В ликвидации таких значительных личностей, как Я. С. Гугель, Р. М Хитаров, И. Д. Кабаков, Ч. И. Ильдрым, К. Д. Валериус, была логика: они знали истинную цену сталинской клике, были членами ЦК, участниками или высоких совещаний, или XVII съезда партии, на котором Иосиф Виссарионович едва не потерял власть. Но разве был хоть какой-то смысл в уничтожении начальника обжимного цеха Ф. И. Голубицкого, рабочих, крестьян, женщин. О женщинах надо поговорить особо. Например, «жены врагов народа», как правило, арестовывались. Но указаний на это из высших инстанций до середины 1939 года не поступало. И даже наоборот: в секретном архиве магнитогорской прокуратуры мы обнаружили документ, из которого следует, что жен «врагов народа» можно было и не арестовывать. Более того — делать это не рекомендовалось. 10 декабря 1938 года из прокуратуры СССР в Магнитогорск поступила «директива № 13 (043105-443105) 44902 К» за подписью заместителя начальника отдела по спецделам А. Глузмана:
«Секретно.
Прокурору гор.

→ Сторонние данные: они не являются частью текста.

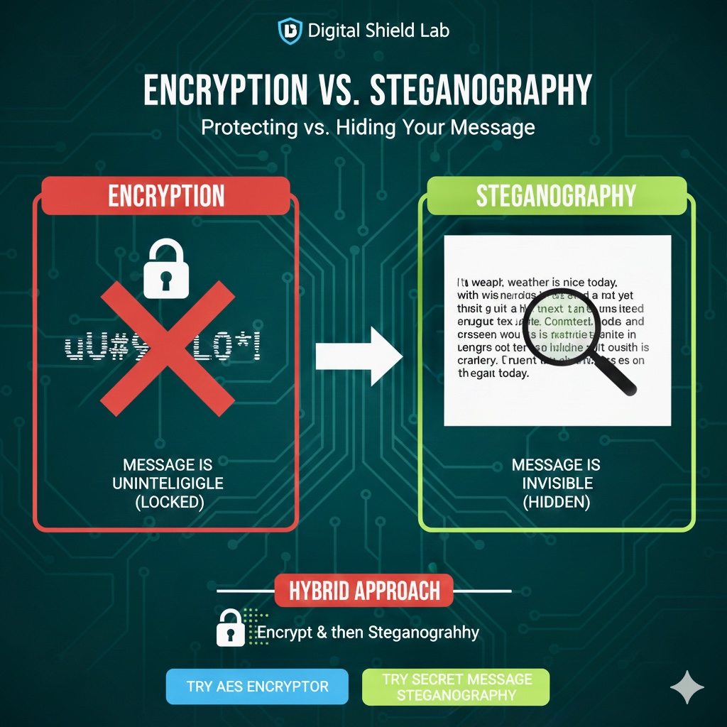 التشفير أم التمويه؟ الفرق بين حماية الرسالة وإخفائها تماماً في عالم الخصوصية، هناك طريقتان لحماية معلوماتك: إما أن تجعل الرسالة

Магнитогорска на № 36/с-50.
Если женщины (жены осужденных) действительно совершили какое-либо контрреволюционное преступление, надо дела расследовать в полном соответствии с УПК и направлять на рассмотрение в суд.
Если они арестованы только как жены осужденных и конкретных преступлений с их стороны следствием не установлено, надо дела прекращать, арестованных освободить, а находящимся на свободе вернуть паспорта». («Наряд», № 32/с, стр. 90.)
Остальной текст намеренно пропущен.